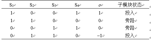 式中σσ為開關函數,由各個子模塊功率器件的導通情況確定,如表1所示。
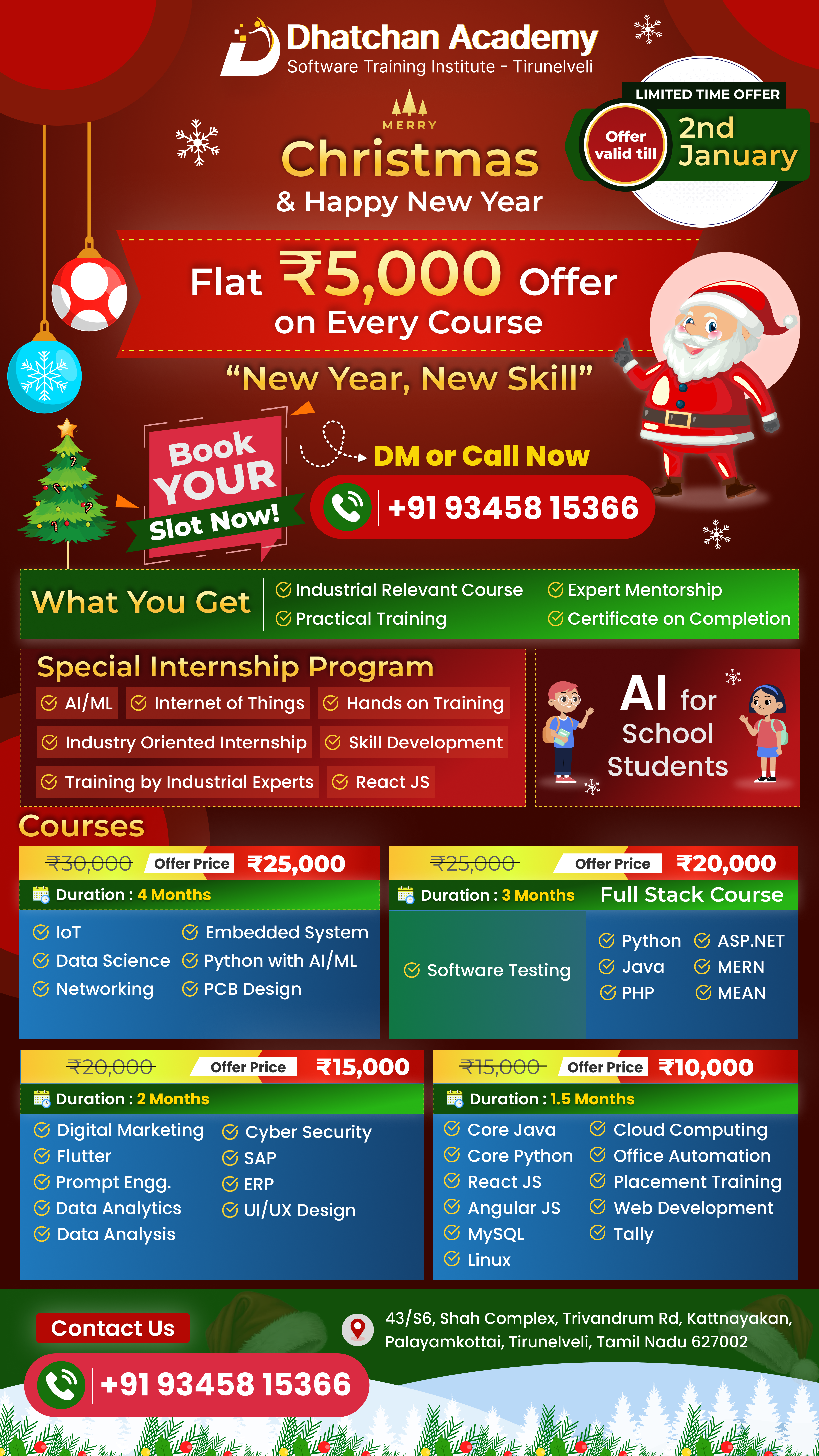 Dhatchan Training Institute, based in Tirunelveli, is a transformative initiative dedicated to fostering the IT experts of tomorrow. Our primary goal is to elevate students' potential in the field of information technology by providing a comprehensive curriculum led by seasoned IT professionals. Founded in 2022, Dhatchan Training Institute prides itself on offering in-depth, hands-on training and current industry insights. Our proficient trainers are committed to delivering the highest quality education, helping students to make substantial contributions to the IT sector.
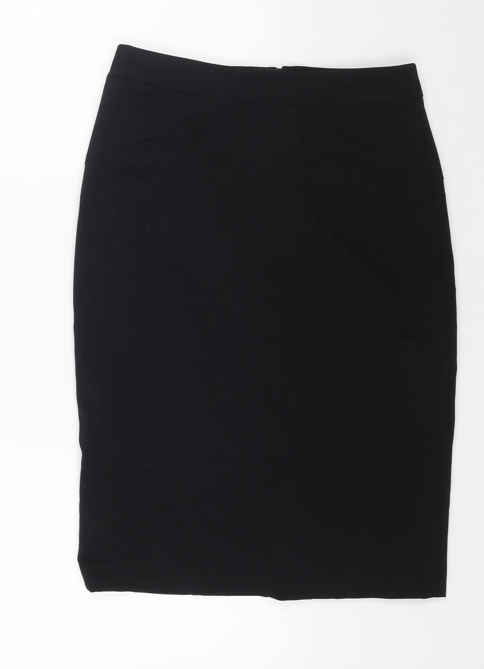 Marks and Spencer Womens Black Polyester Straight & Pencil Skirt Size 8 Zip
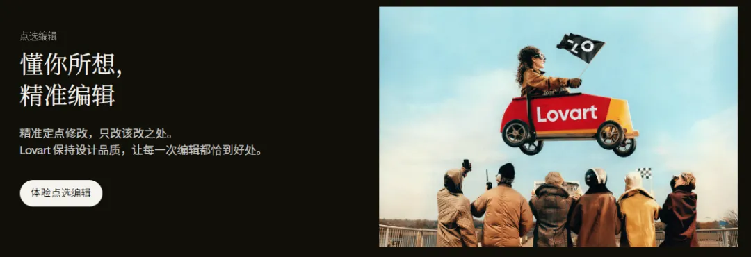 真正的精准编辑:Lovart的ChatCanvas功能让你可以直接在画布上选中要修改的元素(比如Logo太小了、想把杯子上的图案换个颜色),然后用自然语言告诉它,AI只会修改你选中的部分,其他保持不变。
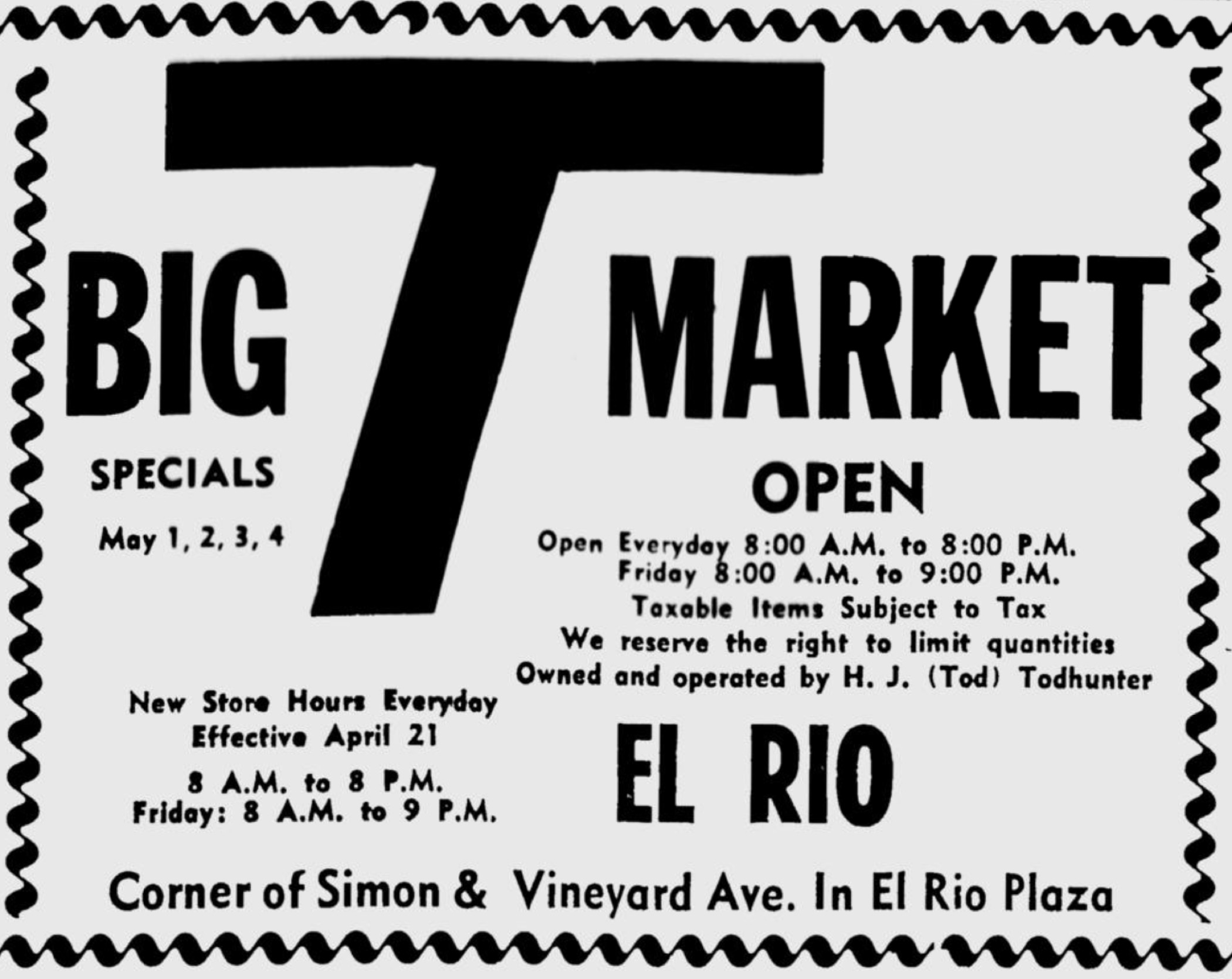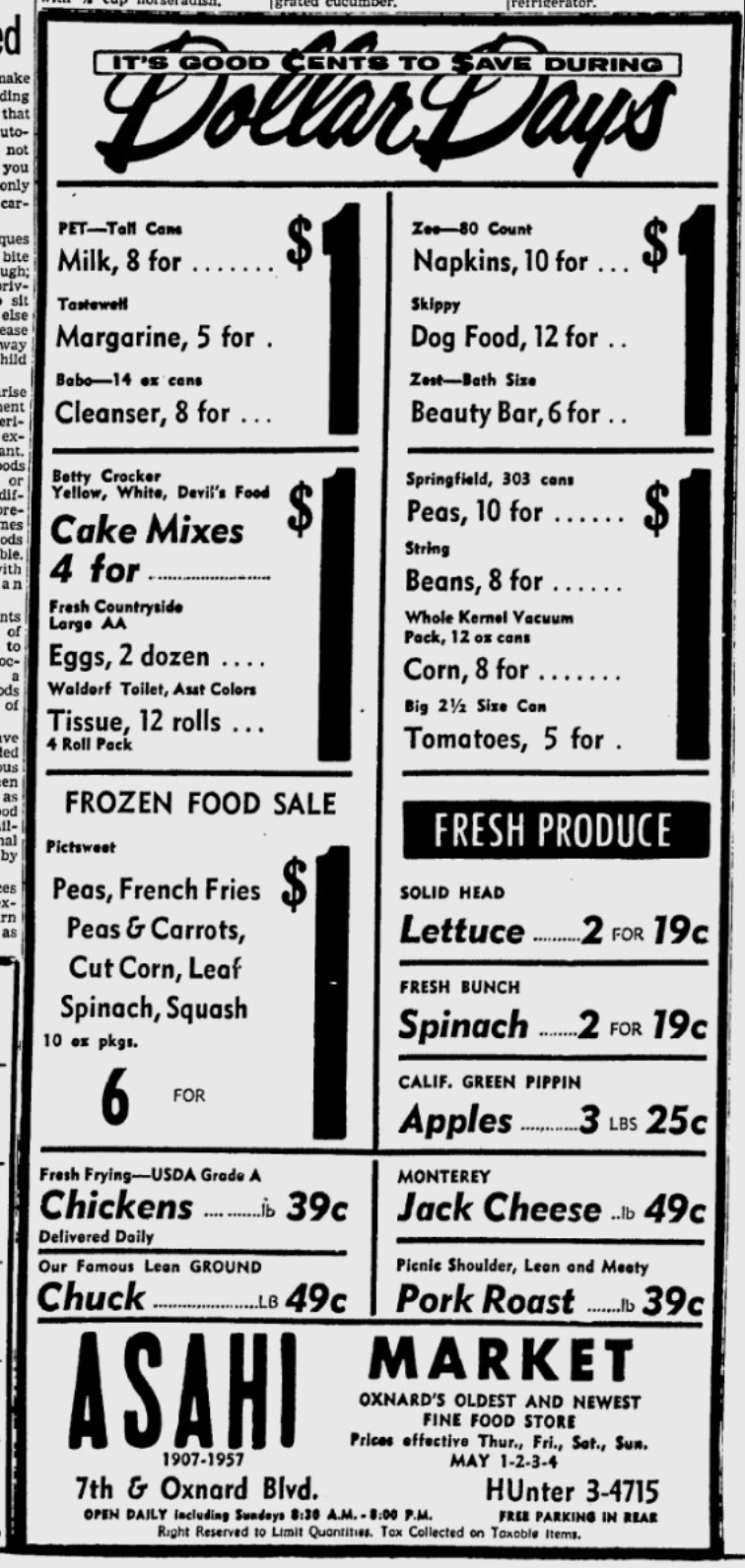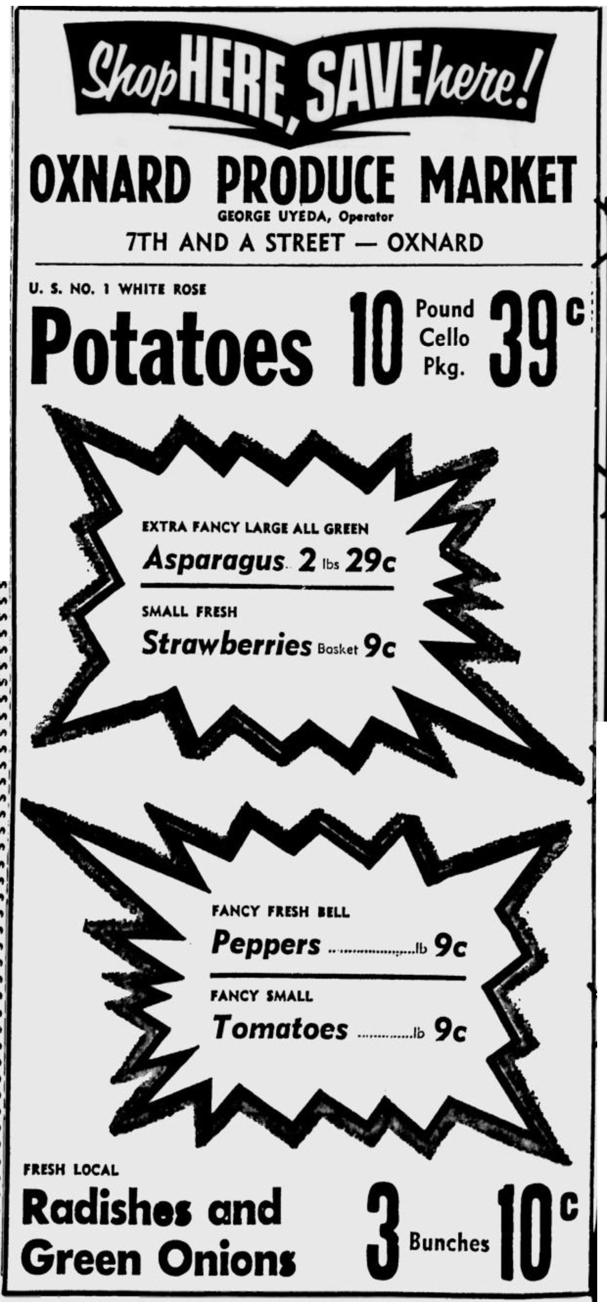 I salute the anonymous typesetter(s) at work here. They employ a variety of low-fi methods for grabbing attention and organizing information. Note the liberal use of rules and squiggly borders, the giant ‘1’ for Big T and Asahi Markets, the huge size contrast between numbers and units (lbs, cans, bunches), and the bursts for the Oxnard Produce Market.
======
PROBLEM ▸
The preceding entries are to be written out again exactly, with the pictures removed.

RESULT OF THE TASK ▸
 式中σσ為開關函數,由各個子模塊功率器件的導通情況確定,如表1所示。
 Dhatchan Training Institute, based in Tirunelveli, is a transformative initiative dedicated to fostering the IT experts of tomorrow. Our primary goal is to elevate students' potential in the field of information technology by providing a comprehensive curriculum led by seasoned IT professionals. Founded in 2022, Dhatchan Training Institute prides itself on offering in-depth, hands-on training and current industry insights. Our proficient trainers are committed to delivering the highest quality education, helping students to make substantial contributions to the IT sector.
 Marks and Spencer Womens Black Polyester Straight & Pencil Skirt Size 8 Zip
 真正的精准编辑:Lovart的ChatCanvas功能让你可以直接在画布上选中要修改的元素(比如Logo太小了、想把杯子上的图案换个颜色),然后用自然语言告诉它,AI只会修改你选中的部分,其他保持不变。
 I salute the anonymous typesetter(s) at work here. They employ a variety of low-fi methods for grabbing attention and organizing information. Note the liberal use of rules and squiggly borders, the giant ‘1’ for Big T and Asahi Markets, the huge size contrast between numbers and units (lbs, cans, bunches), and the bursts for the Oxnard Produce Market.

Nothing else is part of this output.